Um das zu erreichen, muss man die Schriftgröße der Encyclopaedia um den Faktor 25.000 verkleinern,
wie Feynman vorrechnet. Ein Punkt an einem Satzende hätte dann nur noch einen Durchmesser von ungefähr 8 Nanometern,
was rund 32 Metallatomen entspricht.
Mit dem bloßen Auge und auch mit einem Lichtmikroskop ist ein solcher Punkt bei Weitem nicht mehr zu erkennen. Andererseits würde die Fläche des Punkts trotz seiner geringen Größe immer noch rund 800 Atome umfassen, was physikalisch kein Problem sein sollte, wie Feynman feststellt: „Es steht außer Frage, dass auf dem Stecknadelkopf genügend Platz für die komplette Encyclopaedia ist!“
Aber könnte man derart winzige Buchstaben überhaupt noch lesen? Auch dieser Frage geht Feynman nach und kommt zu dem Schluss, dass das mit einem Elektronenmikroskop relativ leicht zu machen sein müsste! Für Feynman schien zu der damaligen Zeit das Elektronenmikroskop das ideale Werkzeug für den Nanometerbereich zu sein, und er ruft in seinem Vortrag dazu auf, die Auflösung der Elektronenmikroskope zu verbessern.
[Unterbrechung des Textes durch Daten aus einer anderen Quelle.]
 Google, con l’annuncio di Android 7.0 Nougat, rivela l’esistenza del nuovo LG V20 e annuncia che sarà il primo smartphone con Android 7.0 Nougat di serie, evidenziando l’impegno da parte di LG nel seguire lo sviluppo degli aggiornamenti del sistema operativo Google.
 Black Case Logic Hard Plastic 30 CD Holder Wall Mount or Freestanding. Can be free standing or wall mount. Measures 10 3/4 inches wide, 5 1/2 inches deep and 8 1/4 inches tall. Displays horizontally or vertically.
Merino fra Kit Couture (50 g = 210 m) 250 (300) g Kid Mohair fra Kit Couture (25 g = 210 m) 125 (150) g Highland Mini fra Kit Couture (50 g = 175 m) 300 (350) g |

Es hat sich im Lauf der Zeit herausgestellt, dass das Elektronenmikroskop nicht unbedingt das ideale Werkzeug für die Nanowelt ist. Die Elektronenmikroskopie ist technisch immer eine aufwendige Angelegenheit, bei der man die Proben umständlich vorbereiten muss und diese dann nur in einem guten Vakuum mit dem Elektronenstrahl untersuchen kann.
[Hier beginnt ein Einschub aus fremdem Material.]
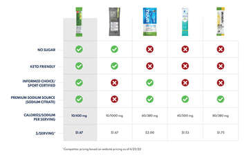 SaltStick® DrinkMix is a delicious, no-sugar ready-to-mix powder that provides a similar ratio of electrolytes to what your body loses through sweat. Our scientific formula relies on cleanly sourced, buffered ingredients to help minimize heat stress and muscle cramping due to dehydration, without causing stomach discomfort.
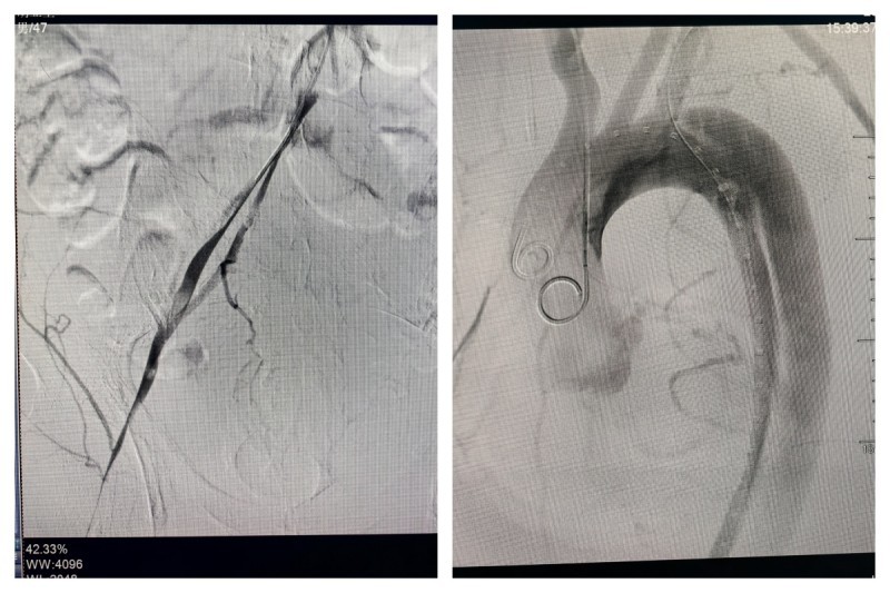 然而,面对如此严峻的挑战,南溪山医院心脏大血管外科的医疗团队并没有退缩。他们迅速为胡某安排了紧急手术。手术中发现,胡某的病情比发病时更为严重。术中造影显示,其主动脉夹层真腔十分细小,左侧髂总动脉闭塞,右侧髂动脉以假腔供血为主。这一情况给手术带来了巨大的困难。
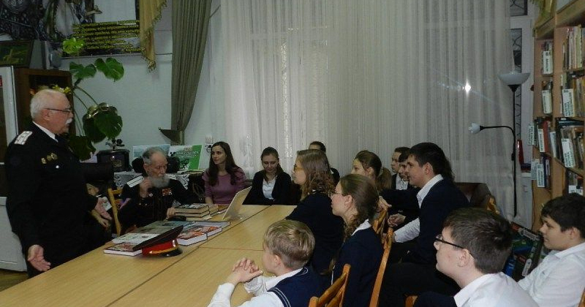 Девятнадцатого ноября в Центральной городской библиотеке им. Н. А. Некрасова представители Совета ветеранов-казаков Екатеринодарского районного казачьего общества встретились с учащимися 7 «А» школы № 39.
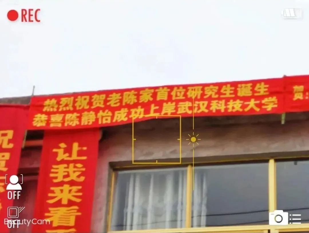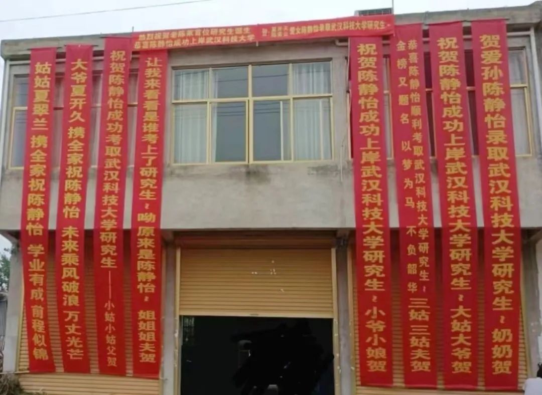 我认为拉横幅这件事,是我的家人见证了我两年来的坚持与付出,给予我的积极回应。在我们老家那里,很少有人能走到研究生这一步的。我的家人看到了我的努力,所以想用拉庆贺横幅的形式给我一个惊喜,我本来也是觉得比较“社死”,但是他们觉得这是值得庆祝的事情,所以就去做了,而且在我们老家,结婚上大学这样的喜事都有拉横幅的习惯,所以并不是什么所谓的炫耀。
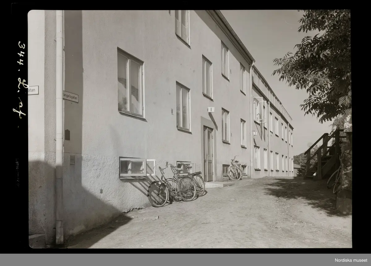Cyklar parkerade utanför porten till flerfamiljhus på Wrangelsgatan 1. Björkholmen, Karlskrona.
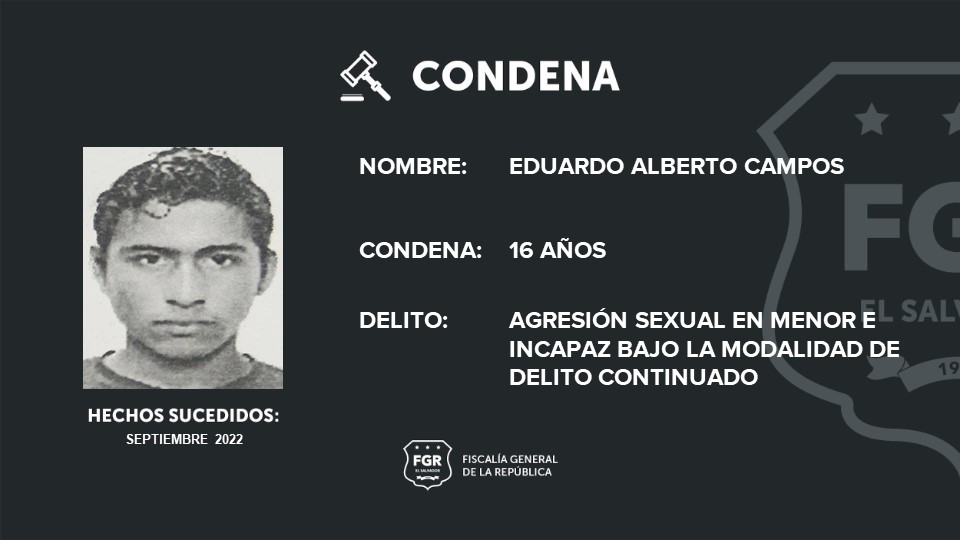 Santa Ana. Por haber cometido el delito de agresión sexual, Eduardo Alberto Campos fue sentenciado a 16 años de prisión luego que la Fiscalía presentara abundantes pruebas en su contra en el juicio realizado en el Tribunal Primero de Sentencia de Santa Ana.

Im Jahr 1981 − mehr als zwanzig Jahre nach Feynmans visionärem Vortrag − entwickelten der deutsche Physiker Gerd Binnig und sein Schweizer Kollege Heinrich Rohrer im IBM-Forschungslabor bei Zürich ein neues Werkzeug, das sich seitdem in der Nanotechnologie als äußerst nützlich erwiesen hat: das Rastertunnelmikroskop. Mit dem Rastertunnelmikroskop und ähnlichen Werkzeugen kann man Oberflächen nicht nur mit atomarer Auflösung abtasten, sondern sogar einzelne Atome darauf gezielt manipulieren.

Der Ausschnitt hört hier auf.